I can turn the hurt off almost immediately now. That isn’t a coincidence. It is enough to just be thinking about him, and it vanishes. I can express who I am because honestly, if I could express all of it right now to give it to him like some flowers, I would in a heartbeat. I love him. And screw everything else. Screw doubt soup. Screw freaking out and thinking about tomorrow when it’s still today. Screw panic. Screw just about everything that can’t be nailed down and stared at. I’m moving too quickly, and that is FREAKING RECENT. This all started about August 25th, which is when I met him, and although I’m too young and clueless to know what that even means, it’s the truth.
At this point, I’m done being a malevolent Diva. “This point” could be forever or for the next five minutes. But really, I just want to be his. That isn’t stupid, that’s true. The part of me that can sweettalk a brick can go to hell; I am not the Black Widow. I am a Benevolent Diva, but more than anything I use to explain, I am Haley. And finally, it’s enough (for me, at least).

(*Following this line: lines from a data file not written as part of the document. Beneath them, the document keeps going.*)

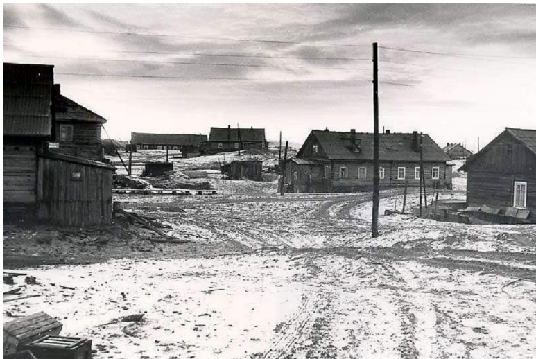
Наш дом на горке. Снимок сделан со стороны берега реки.

на первом этаже этого дома. Пограничники к тому времени переехали в другое здание.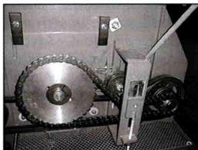
Mekanisk kniv- og snegltræk for BB420/510 standard

60 L/min til vinde og kniv- træk BB610(Option)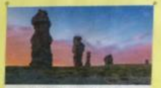
Камни в долине восточных берегов Ижора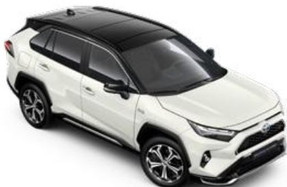
2PS Platina gyöngyfehér fekete tetővel** Selection Pure felár nélkül

Ashes to ashes and dust to dust is a weird death sentence, but think about it in the context of a Phoenix. They resurrect, they heal, they shed the past, they flit away and forward and towards and underneath constantly. They are kind. They are fire. And they are rare but beautiful.
Love is a lot like that. I used to be most afraid of being trapped. I always used to think of it as a cage. Trapped in just one dream. Trapped in silence. Trapped in stillness. Trapped in general.
But God, how I would love to be trapped when I think about having him to be trapped with. I wouldn’t even notice. It would be years before I cared. I could die a cute little captive bird, and hopefully he’d die right after me. But trapped was never outside of me. Trapped was the fear that never left. Oh God, thank you for taking it away.
Papa, please look after him while he is patiently doing his thing away over there. Please calm me down so I don’t freak out. The freaking out isn’t my fault, but I can control it if I ask for your help. Your goodness is the same stupid goodness that I see when he smiles. It is enough.
And please, find some way to tell him all of this. I can’t. At least, I feel like he doesn’t want to hear it yet. I still have September entries to share; this seems like way more than I have the right to fork over and fling. But I love him. And please tell him somehow.
Anyways Papa, it’s been a crazy year since last Thanksgiving in the kitchen in the Schol Halls. Please watch over all my friends and family there, and all of the people that are alone this Thanksgiving. I love you, and I’m grateful to be alive. Thank you.